POLO ATIVO: IVO DE SOUSA RAMALHO
REPRESENTANTE(S) POLO ATIVO: JULIANA MARIA PRATA BORGES SILVA - MG87487-A
POLO PASSIVO:INSTITUTO NACIONAL DO SEGURO SOCIAL - INSS
RELATOR(A):NILZA MARIA COSTA DOS REIS

PODER JUDICIÁRIO
TRIBUNAL REGIONAL FEDERAL DA PRIMEIRA REGIÃO
Gab. 27 - Desembargadora Federal Nilza Reis
APELAÇÃO CÍVEL (198)1001845-21.2024.4.01.9999
RELATÓRIO
A EXMA. SRA. DESEMBARGADORA FEDERAL NILZA REIS (RELATORA):
Trata-se de recurso de apelação interposto pela parte autora de sentença na qual foi julgado improcedente o pedido, considerando que, de acordo com a prova pericial, não foi comprovada a existência de deficiência capaz de autorizar a concessão do benefício assistencial (fls. 292/299) ¹
Em suas razões, a parte pugna pela reforma da sentença pra que lhe seja concedido o Benefício Assistencial de Prestação Continuada assegurado à pessoa com deficiência, a partir da data do requerimento administrativo. Alternativamente, suscita a nulidade da sentença e requer seja realizada nova perícia médica por médico especializado em oftalmologia (fls. 306/319).
Sem contrarrazões.
É o relatório.
¹ Os números de folhas indicados referem-se à rolagem única, ordem crescente.

PODER JUDICIÁRIO
TRIBUNAL REGIONAL FEDERAL DA PRIMEIRA REGIÃO
Gab. 27 - Desembargadora Federal Nilza Reis
VOTO
A EXMA. SRA. DESEMBARGADORA FEDERAL NILZA REIS (RELATORA):
O recurso reúne as condições de admissibilidade, merecendo ser conhecido.
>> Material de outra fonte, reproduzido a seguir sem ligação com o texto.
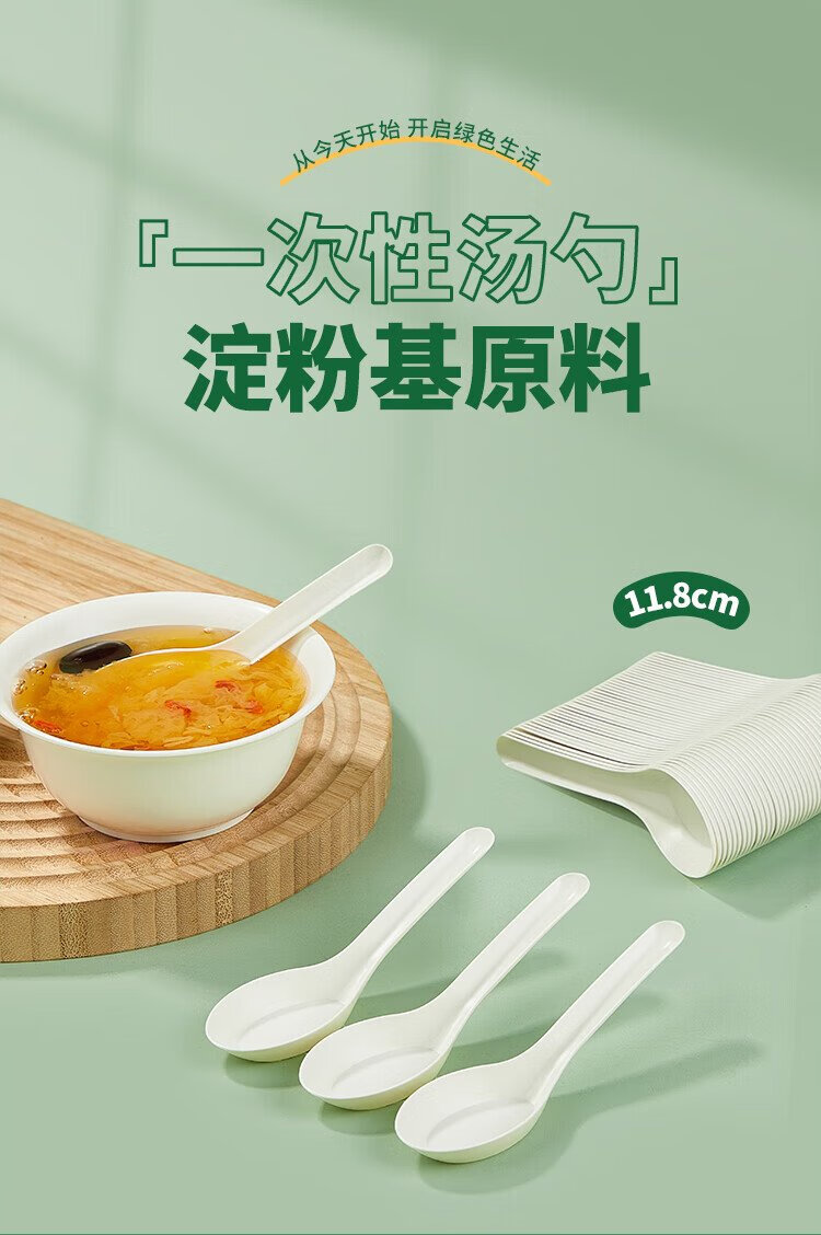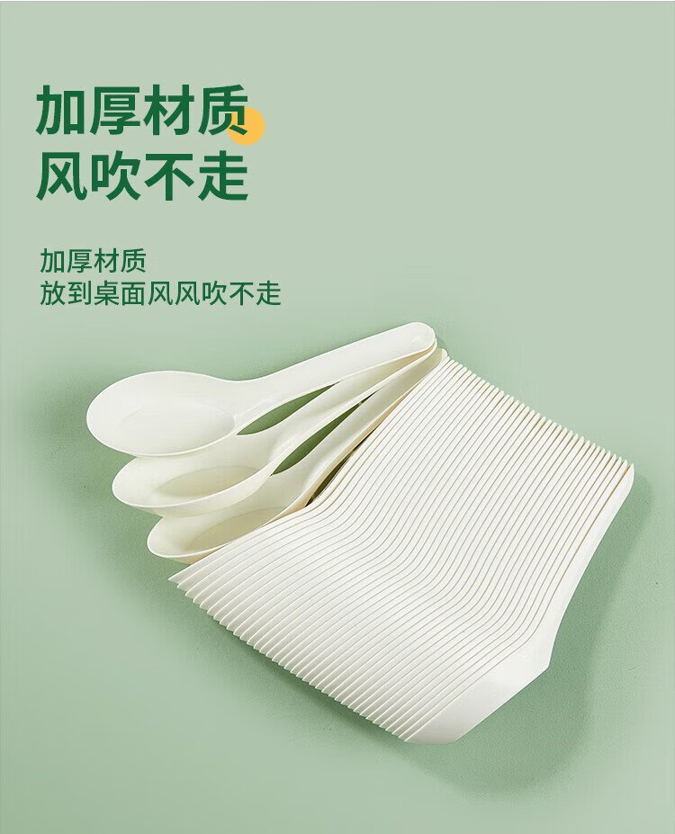 Youao disposable spoons 50 pieces, thickened soup spoons, starch-based table spoons, dessert takeaway packaging forks and spoons

Nulidade – realização de nova perícia
A parte autora argui a nulidade da sentença, afirmando a existência de cerceamento de defesa e requer a realização de nova perícia por médico especialista em oftalmologia, com indicação de perito judicial que atua nessa área.
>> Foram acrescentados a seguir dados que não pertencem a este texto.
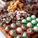 - Add Toppings: Immediately sprinkle the Christmas-colored M&M’s, sprinkles, and nonpareils generously over the white chocolate layer before it sets.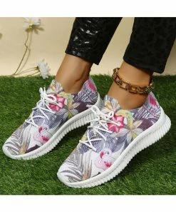 Wholesale 💯 PAOTMBU White & Pink Flamingo Floral 👟 Sneaker – 👩 Women 🎉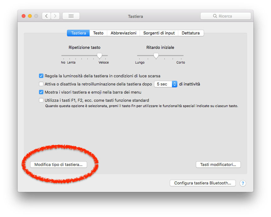 Il problema è che questo pulsante sembra un po’ ballerino, a volte appare e a volte scompare dalle impostazioni della Tastiera, senza che si riesca bene a capire il perché. Ad esempio, come si può vedere qui sotto, su un altro Mac in questo momento il pulsante non c’è (qui è installato High Sierra, ma da quanto ho capito non è una questione di sistema operativo).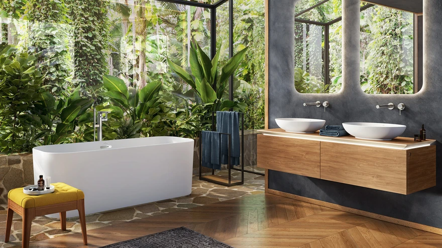 Matt on eriti huvitav seal, kus seda kõige vähem oodatakse – näiteks segistitel või korraga nii vanni sise- kui ka välispinnal. | foto: Villeroy & Boch GustavsbergAasta lemmiktoone võib kohata lihtsalt aknast välja vaadates või loodusesse minnes. Pürgimus on mati ja maalähedase poole.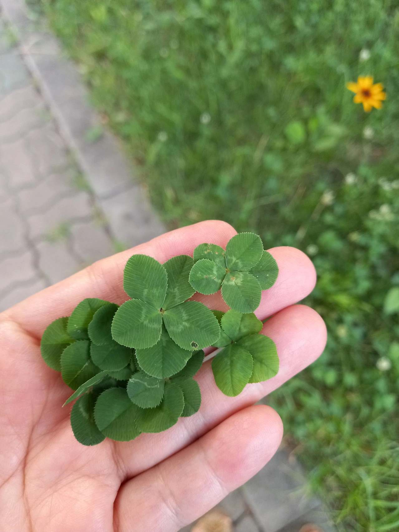 살랑거리는 새벽의 찬공기에 더 싱그러워 보이는 토끼풀 덤불 속에서 네 잎 클로버를 찾았다. 그리고 또 하나 더, 그리고 또 하나 같은 자리에서 찾은 네 잎은 손바닥 위에 수북해졌다. 풀들이 잘려나가기 전에 네 잎 클로버를 찾은 기분은 좋았지만 아쉽기도 했다.

Ocorre que o laudo foi elaborado por médico perito de confiança do juízo, que se encontra em posição equidistante dos interesses das partes, estando bem fundamentado, com respostas claras e objetivas aos quesitos apresentados pelas partes.
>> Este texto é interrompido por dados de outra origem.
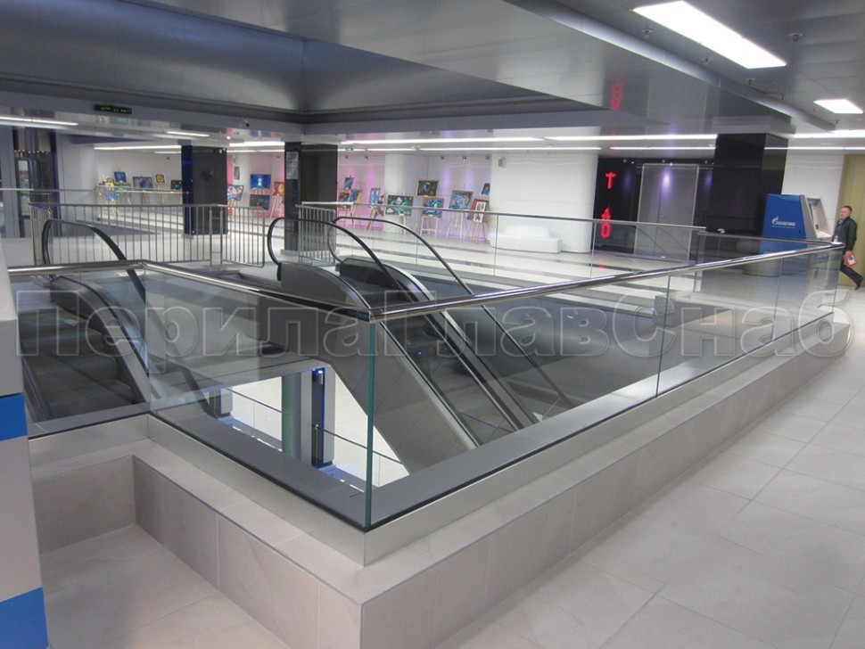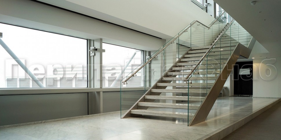 Ограждение с поручнем на выносе на точечном креплении на лестнице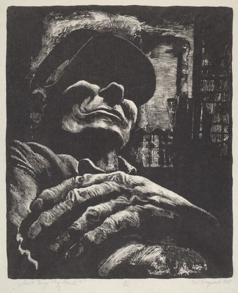 Fritz Eichenberg created this wood engraving, "Indian Pottery Vendor," in the United States. The stark contrast between black and white immediately draws our attention to the texture and form, inviting us to explore the story within its visual architecture. The composition is dominated by the pottery vendor’s intense gaze, juxtaposed with a dark array of pots above. Eichenberg masterfully uses the wood engraving technique to create depth and dimension through dense crosshatching and stark lines. These lines aren't just descriptive; they build a palpable sense of weight and pressure, hinting at the burden carried, both literally and metaphorically. The artist employs a high-contrast palette to emphasize the textures and patterns on the vendor's clothing, contrasting with the smooth, dark surfaces of the pottery. This use of form and texture serves a symbolic purpose, underscoring themes of labor, survival, and the human condition. The vendor's upward gaze and the looming pottery create a dynamic tension, inviting viewers to contemplate the complexities of representation and social narrative within the print.

Não fosse isso, a jurisprudência do Superior Tribunal de Justiça tem se firmado no sentido de que a pertinência da especialidade médica, em regra, não consubstancia pressuposto de validade da prova pericial, de forma que o perito médico nomeado é quem deve escusar-se do encargo, caso não se julgue apto à realização da perícia solicitada.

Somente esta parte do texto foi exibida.